Thermally activated substrates, while well known in the art, produce images which have limited clarity, which fade with time, and which are susceptible to being damaged by heat, solvents, soaps, alcohols, sun screen compositions, and/or other chemical components. For example, direct thermal paper has long been utilized in facsimile machines. Documents produced by facsimile machines using direct thermal paper fade with time and are susceptible to damage by sunlight, solvents and other chemicals. Facsimile documents are fragile. Processes for protecting a facsimile document are impractical or expensive. In particular, applying a conventional 0.001 inch thick sheet of plastic to facsimile paper has long been dismissed out-of-hand because of the expense involved, because the plastic melts or becomes tacky and sticks to the thermal imprinting head, or because the plastic functions as a heat insulator which prevents the thermally sensitive coating on the fax paper from being properly activated by heat from the thermal printing head.

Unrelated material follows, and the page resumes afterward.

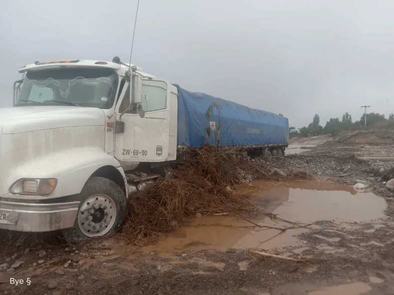 Las lluvias copadas dejaron un camión empantanado en medio de una creciente feroz en Divisadero, Sarmiento. Maquinaria pesada está dándole batalla para rescatarlo y limpiar la zona.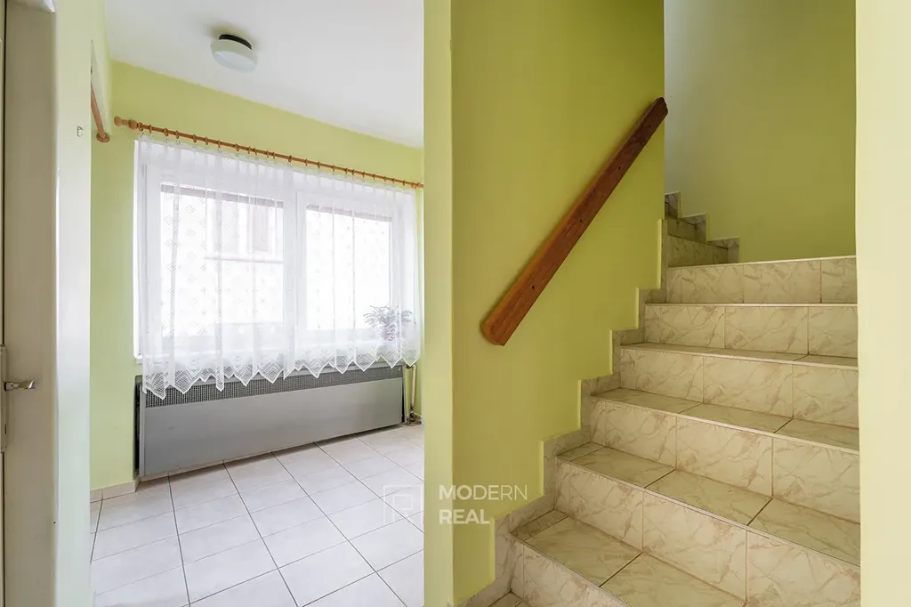 K dispozici je též velký sklep pod domem, vhodný pro uskladnění sportovního vybavení či sezónních věcí. Garáž, kterou lze snadno rozšířit na parkování dvou vozidel za sebou. Další parkovací místo je vedle domu.

Another well known wax thermal transfer product is significantly more resistant to extraneous elements than the facsimile documents discussed above. During use of the wax thermal transfer product, wax is thermally transferred from a ribbon to paper, in a manner similar to that in which carbon from carbon paper interleaved between an original form sheet and a form copy positioned directly beneath the original form sheet is transferred by pressure from the carbon paper to the form copy when information is typed on the original form sheet. The pressure generated when a type head strikes the original form sheet causes carbon from the carbon paper to adhere to the form copy. Similarly, during use of the wax thermal transfer product, a heated imprinting head strikes the ribbon and presses it against a substrate. Pressure and heat generated by the imprinting head cause the wax to adhere to the substrate. While the resulting wax image is more durable than a comparable thermal image formed on facsimile paper, the wax image is not necessarily any sharper than the facsimile paper image. In addition, the wax thermal transfer product is relatively expensive and cumbersome. Once wax has been transferred from a ribbon to a piece of paper or other substrate, the ribbon must be destroyed because the information produced on the piece of paper is readily deduced simply by reading the ribbon.

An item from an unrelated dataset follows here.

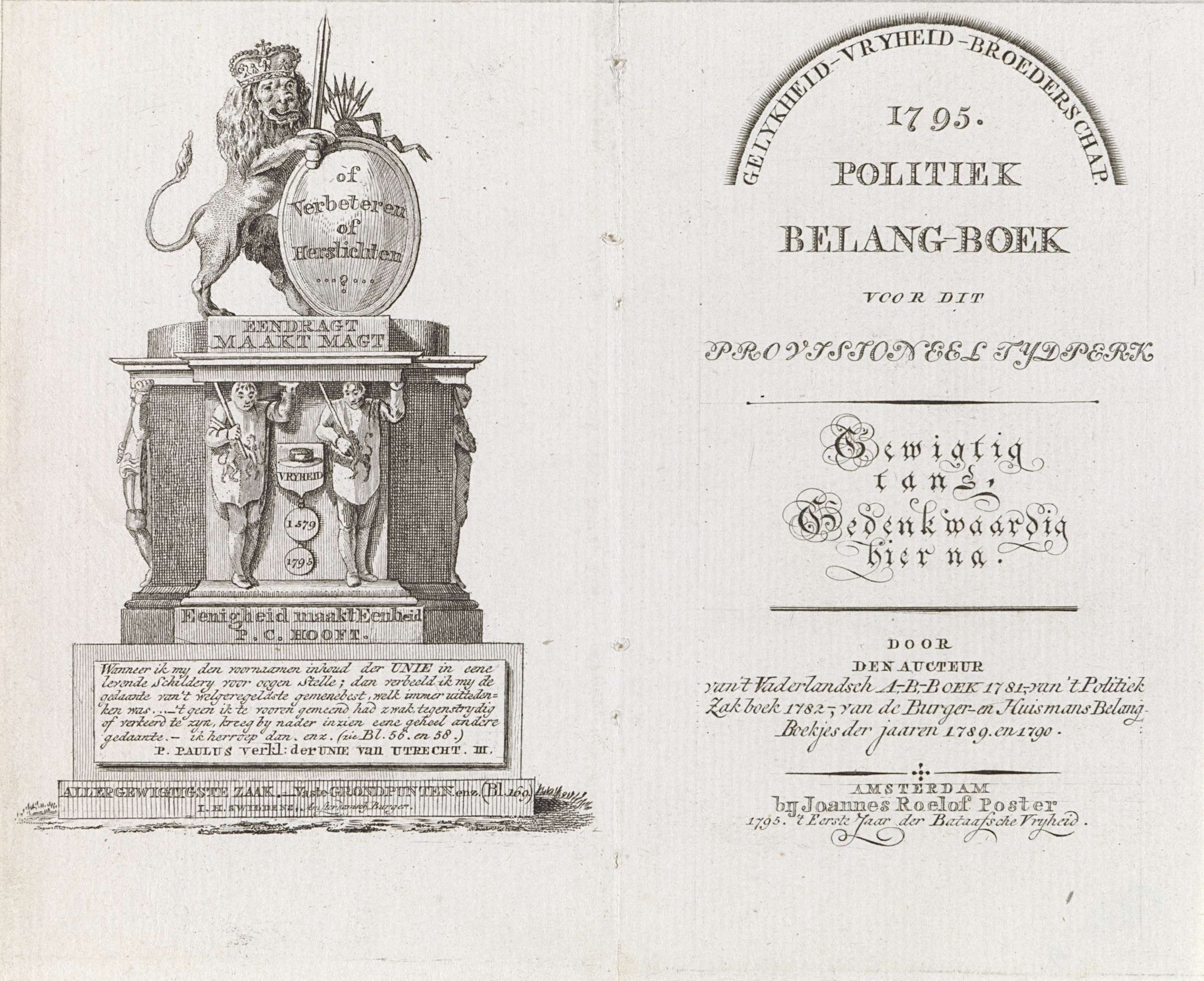 Titelpagina voor: J.H. Swildens, 1795. Politiek bela...

Accordingly, it would be highly desirable to provide an improved process and apparatus for providing thermally activated imprinted substrates which produce images that are clearer, are resistant to solvents and heat and other extraneous elements, and are appreciably less expensive to produce than images produced with conventional thermal wax imprinting ribbons.
Therefore, it is a principal object of the invention to provide an improved apparatus and process for producing thermally activated images which appear clear, which are resistant to heat, sunlight, solvents, alcohols and other extraneous components, and which are less expensive and/or more durable than images produced with conventional wax ribbon or facsimile paper thermal processes.

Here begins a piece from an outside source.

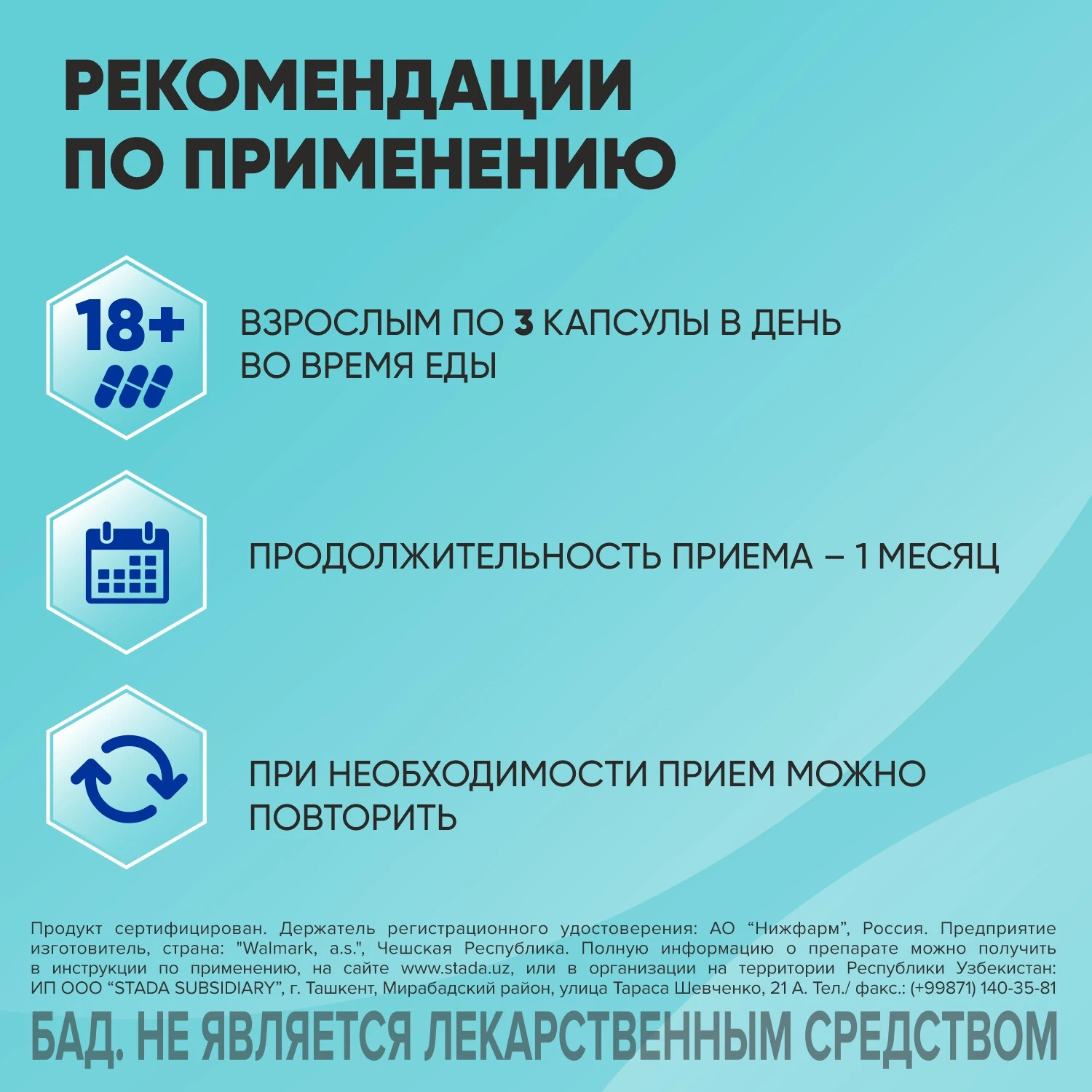 Содержание в суточной норме потребления (3 капсулы по 598 мг)

Another object of the invention is to reduce the cost of producing durable thermal imprinted alphanumeric images or other imprinted images on a substrate.
These and other further and more specific objects and advantages of the invention will be apparent to those skilled in the art from the following detailed description thereof, take in conjunction with the drawings, in which:
FIG. 1 illustrates a thermally resistant, thermally sensitive substrate constructed in accordance with the principles of the invention and being contacted by a thermal imprinting head; and,
FIG. 2 illustrates the substrate and imprinting head of FIG. 1 after an image has been formed in the substrate and the imprinting head has been separated from the substrate.
Briefly, in accordance with our invention, we provide an improved process for producing thermally activated images on a substrate. The process includes the steps of providing a substrate sheet having a front side and a back side; coating the front side of the substrate sheet with a thermally activated material; providing a thermally resistant liquid polymer composition; applying a coating of the thermally resistant liquid polymer composition to the front side of the substrate over the thermally activated material; drying the polymer composition coating to form a thermally resistant coated substrate, the dried polymer composition coating comprising from 0.05% to 4.0% by weight of the coated substrate; and, contacting the dried polymer composition for a dwell time of less than about 0.1 second with a thermal imprinting head heated to a temperature in the range of 200 to 500 degrees F. to activate the thermally activated material intermediate the substrate sheet and the dried polymer composition coating; and, at the conclusion of the dwell time, separating the imprinting head from the dried polymer composition coating. The imprinting head separates from the dried polymer composition coating at the conclusion of the dwell time without the dried polymer composition coating sticking to the imprinting head.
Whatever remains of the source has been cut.